Until when the pom was old, he started going senile and no longer potty trained. For a long time we still let him roam by using a belly band on him, but eventually he'd poop everywhere also. So he spent the rest of his life in a corner of our room inside an xpen lined with plastic and pads. By then he was afraid of touches and didn't want people anymore.

So I have done both. I think containment offers more security. My old house was broken into while my dogs were gated in the small room, so the greyhound could have run away if she wasn't penned (My pom never wandered). I am comfortable doing either, basically whatever works for the situation, with preference towards confinement. My havs are doing great with crates, they are content and settled because they are very used to it. They just sleep their day away when I am not home. Even when I am working from home (like today) they are just sleeping at my feet.
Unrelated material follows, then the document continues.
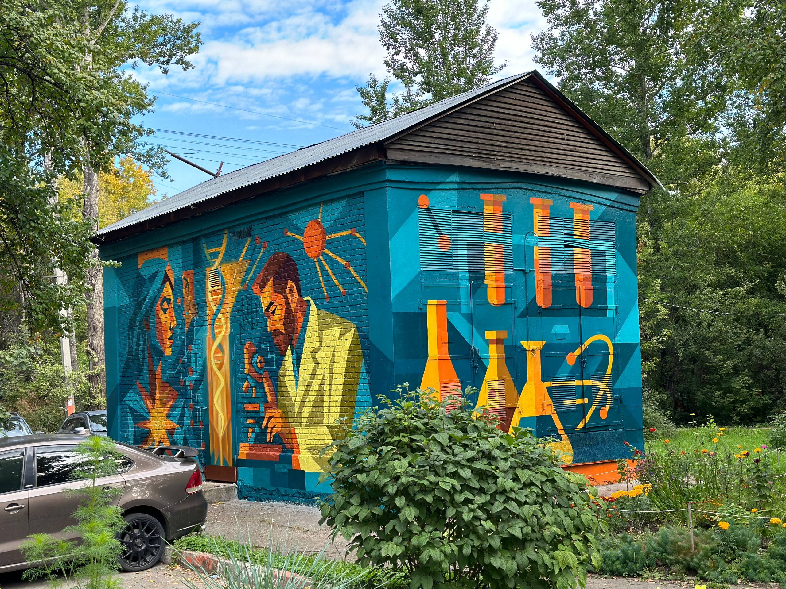 В этом сентябре в Академгородке появилось ещё два объекта, расписанных в рамках фестиваля «Голос улиц» 2025 года.

P.S. I looked back at old pictures going down memory lane. I'll post them even they are not havs. Kimlo (B/W greyhound), Hershey (pom) and Dawn (fawn gh).


----------



## krandall (Jun 11, 2009)

Melissa Brill said:


> I know a lot of people who leave their dog roam the house when they're not home, but to me it's not just a matter of the dog being reliable in terms of potty training or not chewing. I also feel like there are other potential issues that make crating or expens (or gated into a specific, small room/ space) when you're not with them the safest option... and while some of these other things are not extremely likely, just that they're possibilities are enough for me to want to know that my dog is safe in their crate or an expen when I'm not home especially since staying in an expen isn't really a hardship for a dog (they sleep most of the day anyway). For example - what if someone breaks into your house (three scenarios - the burglar leaves the door open, they hurt the dog because he's barking at them or attacking them or the police come and decide to shoot your dog because it's barking), or someone who has a key comes over (but isn't ask conscientious about making sure they can't get out)? What if there's a fire - it would be better if you or the fire fighters knew exactly where to find the dogs to grab them, less likely if you have to search the house for them (this happened to my sister - luckily with a happy ending, but she had a house fire, my other sister saw it and tried to get the dogs out but could only find 2 of them - might have been easier if they were in crates or a specific room or an expen... luckily the third had somehow gotten out of the house herself and they found her the next day hiding outside). What if they get completely freaked out by something when you're gone and bolt out the door when you open it? Then there are a ton of other more likely possibilities - what if they do decide to chew on something because they're bored, etc.
> 
> The other factor, in my experience with my last dog, is that for some dogs they feel safer and have less separation issues when they are in a smaller space (in her case it was her crate). When I tried to leave her out in the house/ yard when I was gone she was very anxious - ended up spending most of the time with her nose stuck to the bottom of the door waiting for me to get back, but in her crate she knew it was time to relax, she curled up and went to sleep and was very calm and relaxed when I got home.
> 
> Ok, so after writing all of that it does sound a little paranoid, but bottom line I think that staying in a crate or expen is the safest option and doesn't hurt them at all.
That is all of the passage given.